- [Data]:
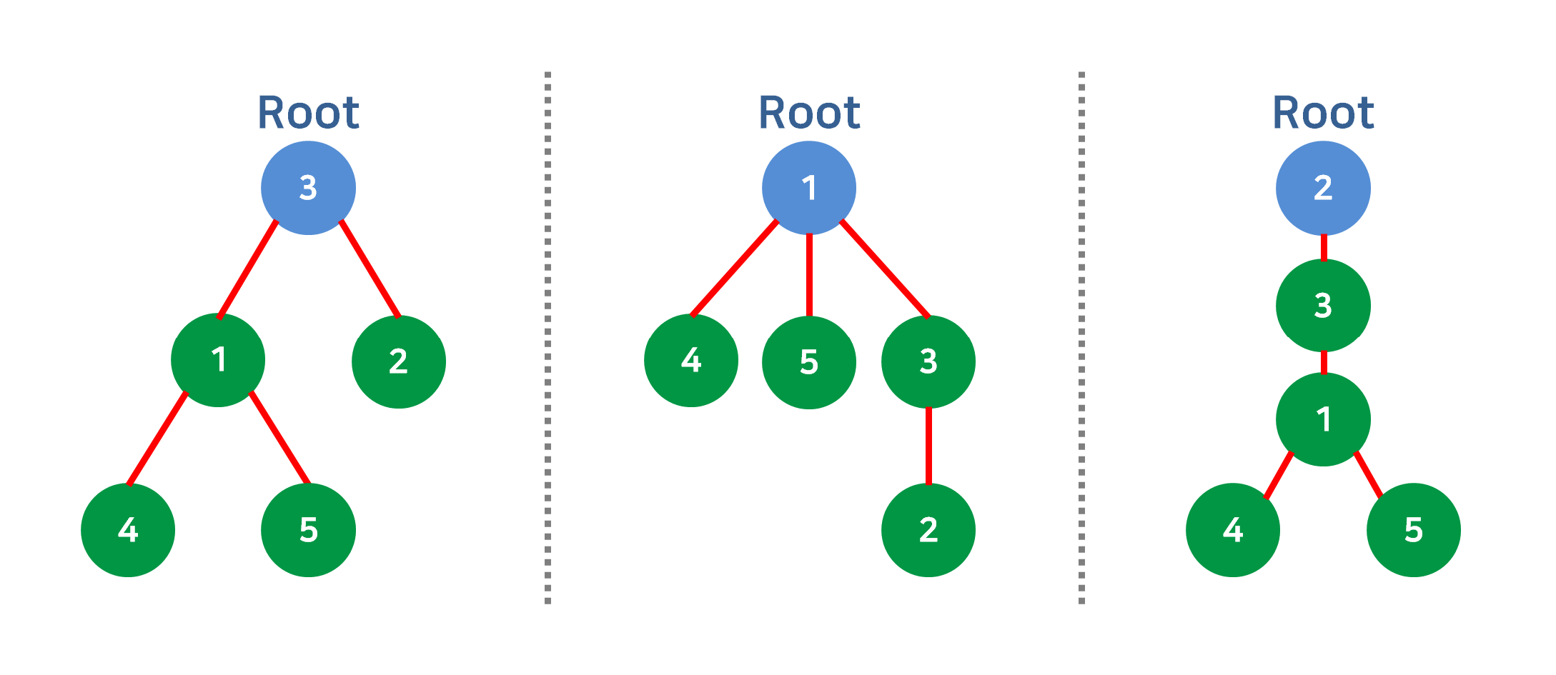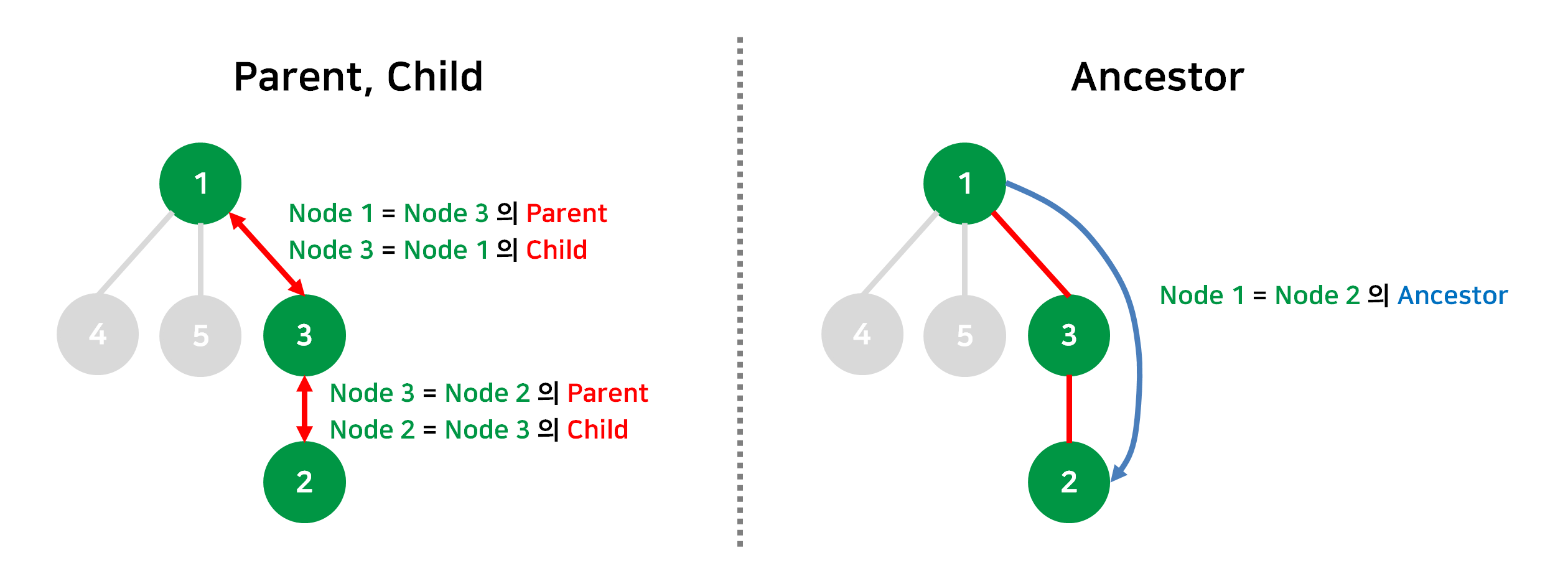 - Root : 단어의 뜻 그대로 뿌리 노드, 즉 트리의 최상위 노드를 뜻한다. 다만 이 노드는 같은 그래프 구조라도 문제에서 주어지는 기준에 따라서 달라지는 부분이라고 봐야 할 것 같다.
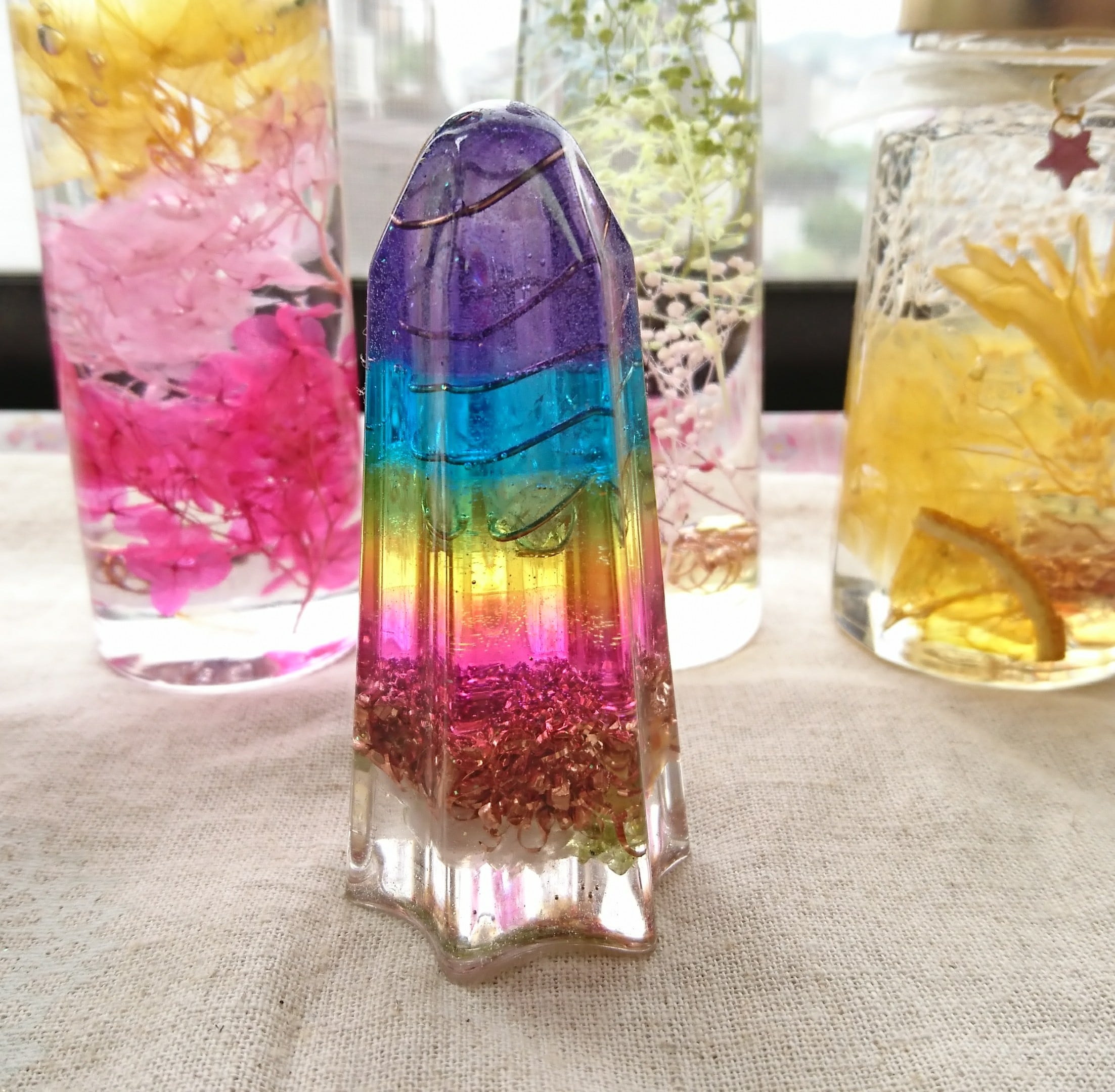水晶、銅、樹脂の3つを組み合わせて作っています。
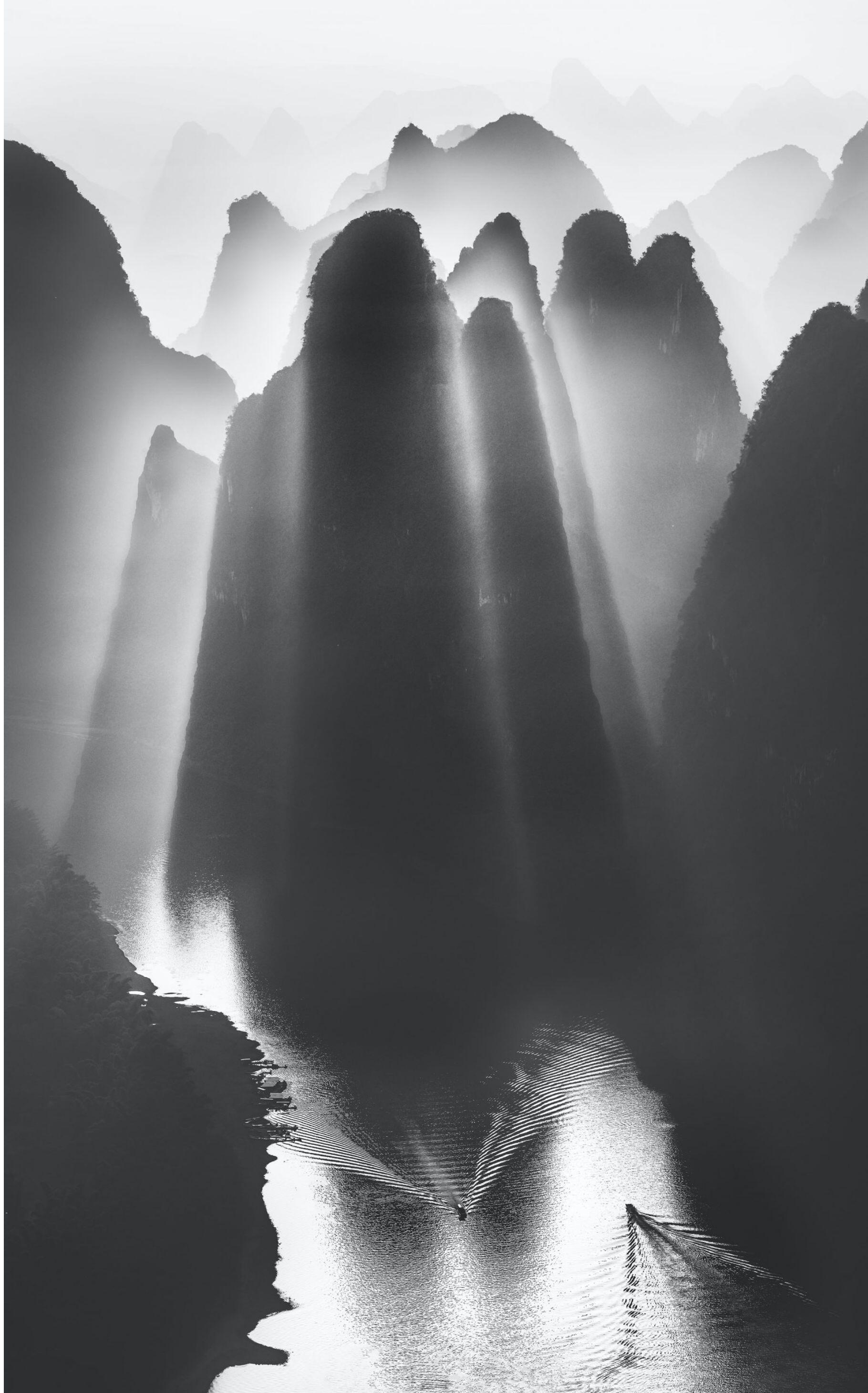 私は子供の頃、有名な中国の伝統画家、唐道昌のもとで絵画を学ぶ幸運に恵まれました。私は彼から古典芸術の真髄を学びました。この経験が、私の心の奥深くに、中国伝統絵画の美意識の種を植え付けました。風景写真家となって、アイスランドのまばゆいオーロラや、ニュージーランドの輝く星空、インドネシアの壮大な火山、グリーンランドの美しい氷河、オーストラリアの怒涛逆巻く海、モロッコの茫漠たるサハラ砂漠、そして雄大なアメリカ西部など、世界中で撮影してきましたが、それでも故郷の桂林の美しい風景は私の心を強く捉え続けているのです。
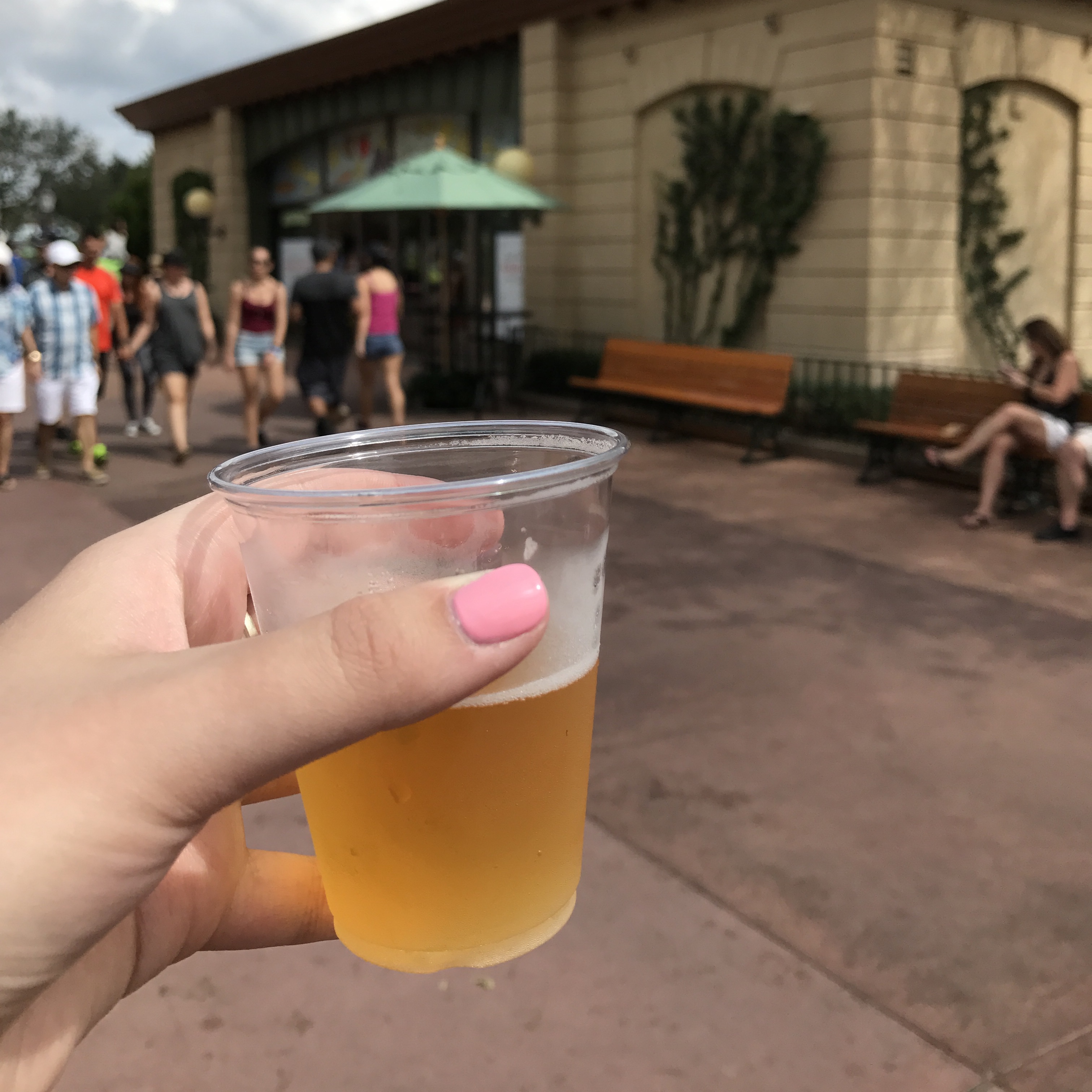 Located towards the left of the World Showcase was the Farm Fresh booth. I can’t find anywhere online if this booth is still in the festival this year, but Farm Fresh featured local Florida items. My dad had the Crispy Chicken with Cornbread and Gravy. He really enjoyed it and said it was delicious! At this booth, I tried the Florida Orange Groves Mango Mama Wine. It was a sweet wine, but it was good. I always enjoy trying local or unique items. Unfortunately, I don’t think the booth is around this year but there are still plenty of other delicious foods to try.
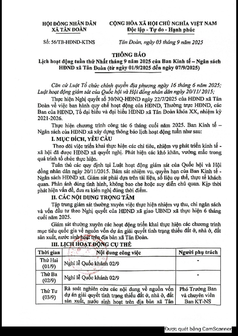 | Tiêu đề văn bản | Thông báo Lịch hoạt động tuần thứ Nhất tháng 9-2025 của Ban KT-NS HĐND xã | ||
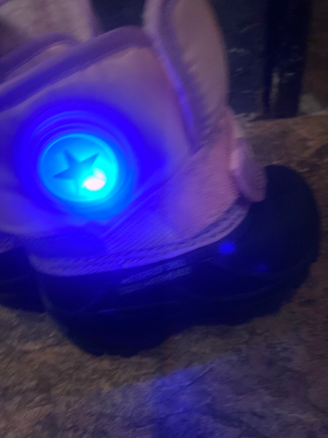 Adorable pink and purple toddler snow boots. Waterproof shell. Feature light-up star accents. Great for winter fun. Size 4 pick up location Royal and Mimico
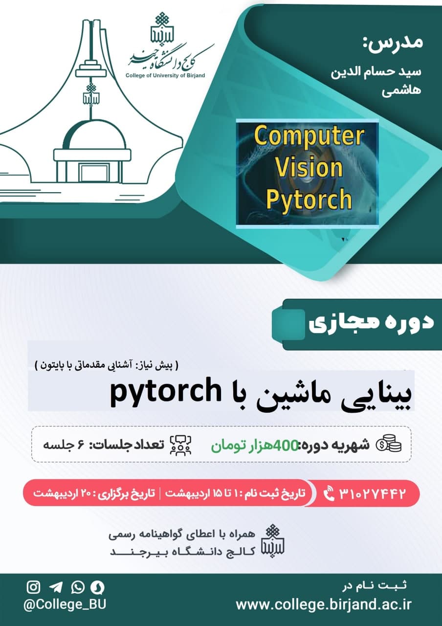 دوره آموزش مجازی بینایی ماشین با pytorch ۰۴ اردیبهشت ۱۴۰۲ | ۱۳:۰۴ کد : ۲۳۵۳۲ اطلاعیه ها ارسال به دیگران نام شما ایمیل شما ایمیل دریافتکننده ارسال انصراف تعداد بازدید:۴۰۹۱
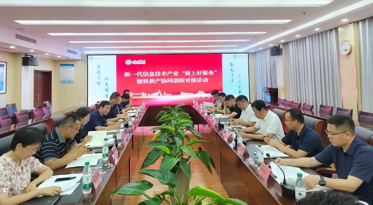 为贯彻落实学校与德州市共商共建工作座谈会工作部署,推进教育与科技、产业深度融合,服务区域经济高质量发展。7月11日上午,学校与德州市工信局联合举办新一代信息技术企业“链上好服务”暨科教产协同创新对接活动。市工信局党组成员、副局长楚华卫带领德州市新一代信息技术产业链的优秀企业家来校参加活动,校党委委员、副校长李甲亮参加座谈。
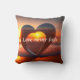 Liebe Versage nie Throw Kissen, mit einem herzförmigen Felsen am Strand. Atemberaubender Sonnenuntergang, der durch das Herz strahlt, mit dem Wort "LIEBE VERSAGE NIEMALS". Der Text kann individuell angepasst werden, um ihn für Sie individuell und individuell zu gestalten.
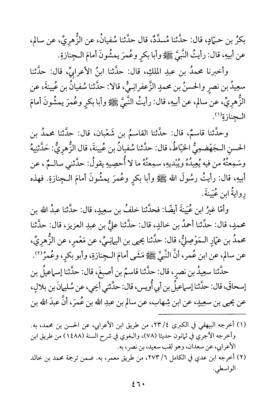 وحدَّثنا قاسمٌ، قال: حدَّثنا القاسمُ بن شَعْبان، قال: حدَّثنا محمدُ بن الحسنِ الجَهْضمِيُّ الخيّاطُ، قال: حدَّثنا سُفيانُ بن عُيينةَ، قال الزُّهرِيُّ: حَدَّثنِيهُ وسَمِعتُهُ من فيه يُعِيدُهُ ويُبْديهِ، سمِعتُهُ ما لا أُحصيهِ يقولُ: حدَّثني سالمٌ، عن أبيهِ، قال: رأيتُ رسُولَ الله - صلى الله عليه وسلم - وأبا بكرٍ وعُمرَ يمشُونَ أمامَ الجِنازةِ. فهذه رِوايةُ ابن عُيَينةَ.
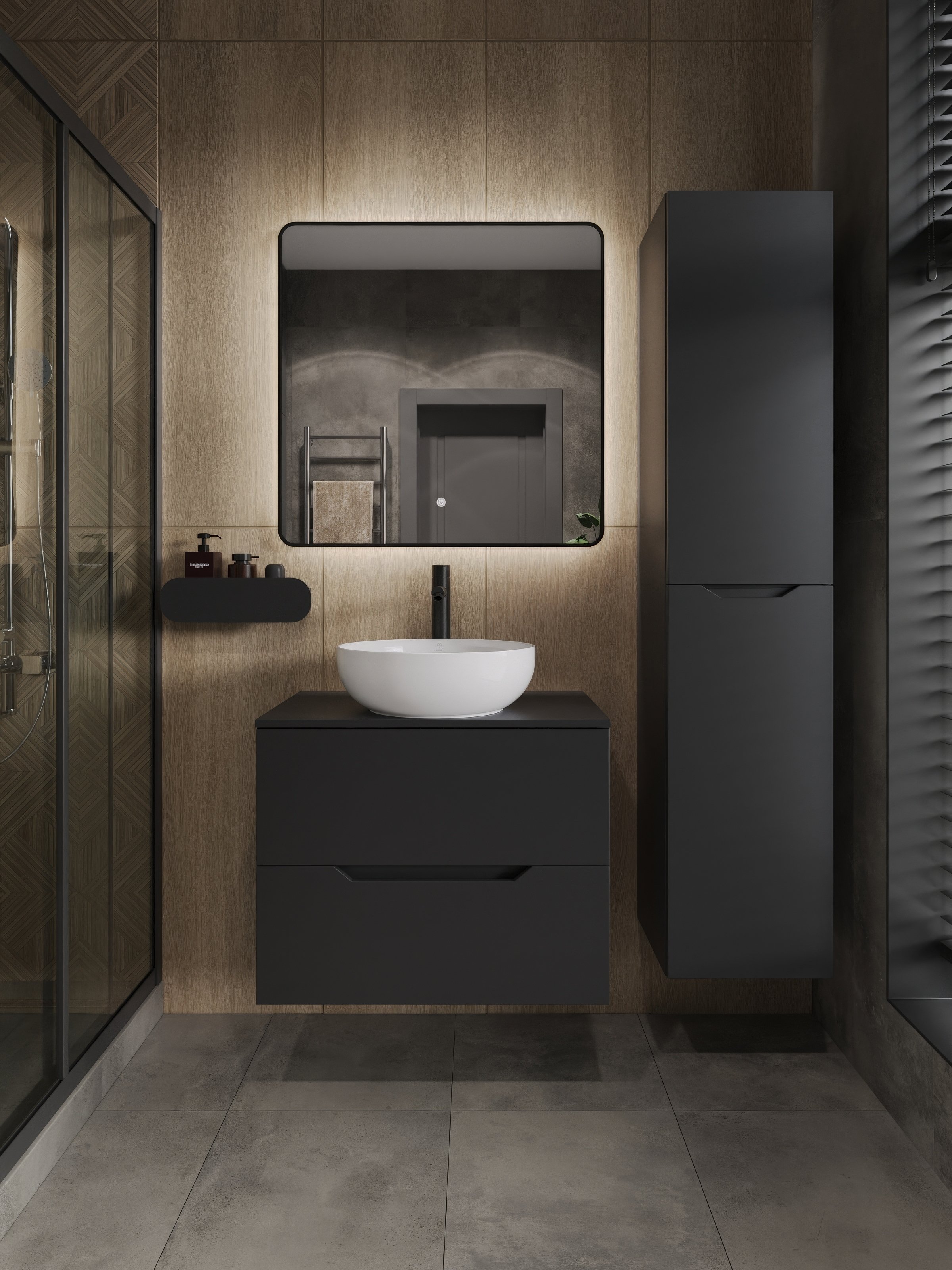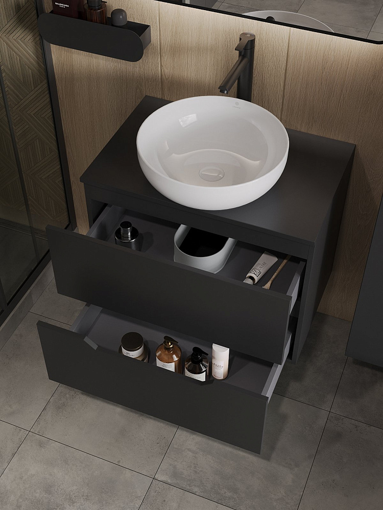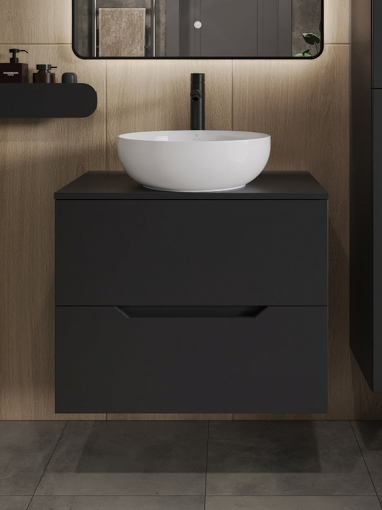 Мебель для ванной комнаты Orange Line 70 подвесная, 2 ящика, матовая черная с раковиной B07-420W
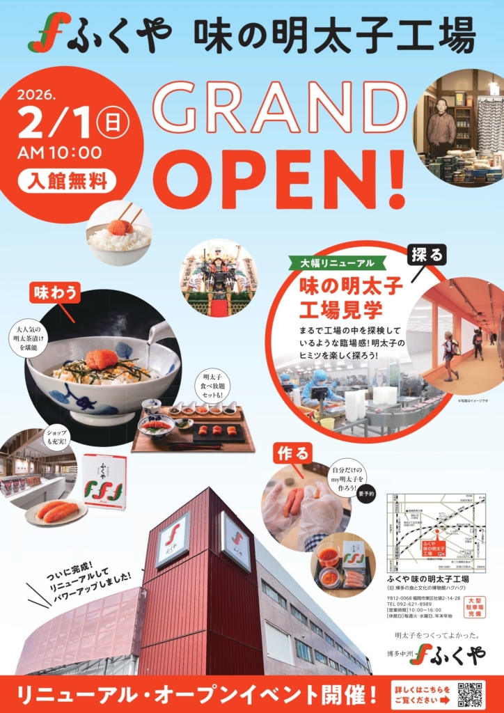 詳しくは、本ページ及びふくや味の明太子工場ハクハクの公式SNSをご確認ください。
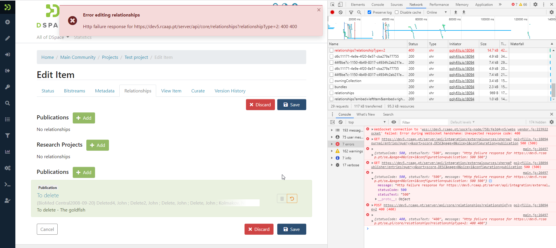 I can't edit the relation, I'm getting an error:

- [What this task involves]:
From the line containing "HĐND xã | ||" through the line containing "詳しくは、本ページ及びふくや", copy every line above exactly, without pictures.

- [Written response]:
 | Tiêu đề văn bản | Thông báo Lịch hoạt động tuần thứ Nhất tháng 9-2025 của Ban KT-NS HĐND xã | ||
 Adorable pink and purple toddler snow boots. Waterproof shell. Feature light-up star accents. Great for winter fun. Size 4 pick up location Royal and Mimico
 دوره آموزش مجازی بینایی ماشین با pytorch ۰۴ اردیبهشت ۱۴۰۲ | ۱۳:۰۴ کد : ۲۳۵۳۲ اطلاعیه ها ارسال به دیگران نام شما ایمیل شما ایمیل دریافتکننده ارسال انصراف تعداد بازدید:۴۰۹۱
 为贯彻落实学校与德州市共商共建工作座谈会工作部署,推进教育与科技、产业深度融合,服务区域经济高质量发展。7月11日上午,学校与德州市工信局联合举办新一代信息技术企业“链上好服务”暨科教产协同创新对接活动。市工信局党组成员、副局长楚华卫带领德州市新一代信息技术产业链的优秀企业家来校参加活动,校党委委员、副校长李甲亮参加座谈。
 Liebe Versage nie Throw Kissen, mit einem herzförmigen Felsen am Strand. Atemberaubender Sonnenuntergang, der durch das Herz strahlt, mit dem Wort "LIEBE VERSAGE NIEMALS". Der Text kann individuell angepasst werden, um ihn für Sie individuell und individuell zu gestalten.
 وحدَّثنا قاسمٌ، قال: حدَّثنا القاسمُ بن شَعْبان، قال: حدَّثنا محمدُ بن الحسنِ الجَهْضمِيُّ الخيّاطُ، قال: حدَّثنا سُفيانُ بن عُيينةَ، قال الزُّهرِيُّ: حَدَّثنِيهُ وسَمِعتُهُ من فيه يُعِيدُهُ ويُبْديهِ، سمِعتُهُ ما لا أُحصيهِ يقولُ: حدَّثني سالمٌ، عن أبيهِ، قال: رأيتُ رسُولَ الله - صلى الله عليه وسلم - وأبا بكرٍ وعُمرَ يمشُونَ أمامَ الجِنازةِ. فهذه رِوايةُ ابن عُيَينةَ.
 Мебель для ванной комнаты Orange Line 70 подвесная, 2 ящика, матовая черная с раковиной B07-420W
 詳しくは、本ページ及びふくや味の明太子工場ハクハクの公式SNSをご確認ください。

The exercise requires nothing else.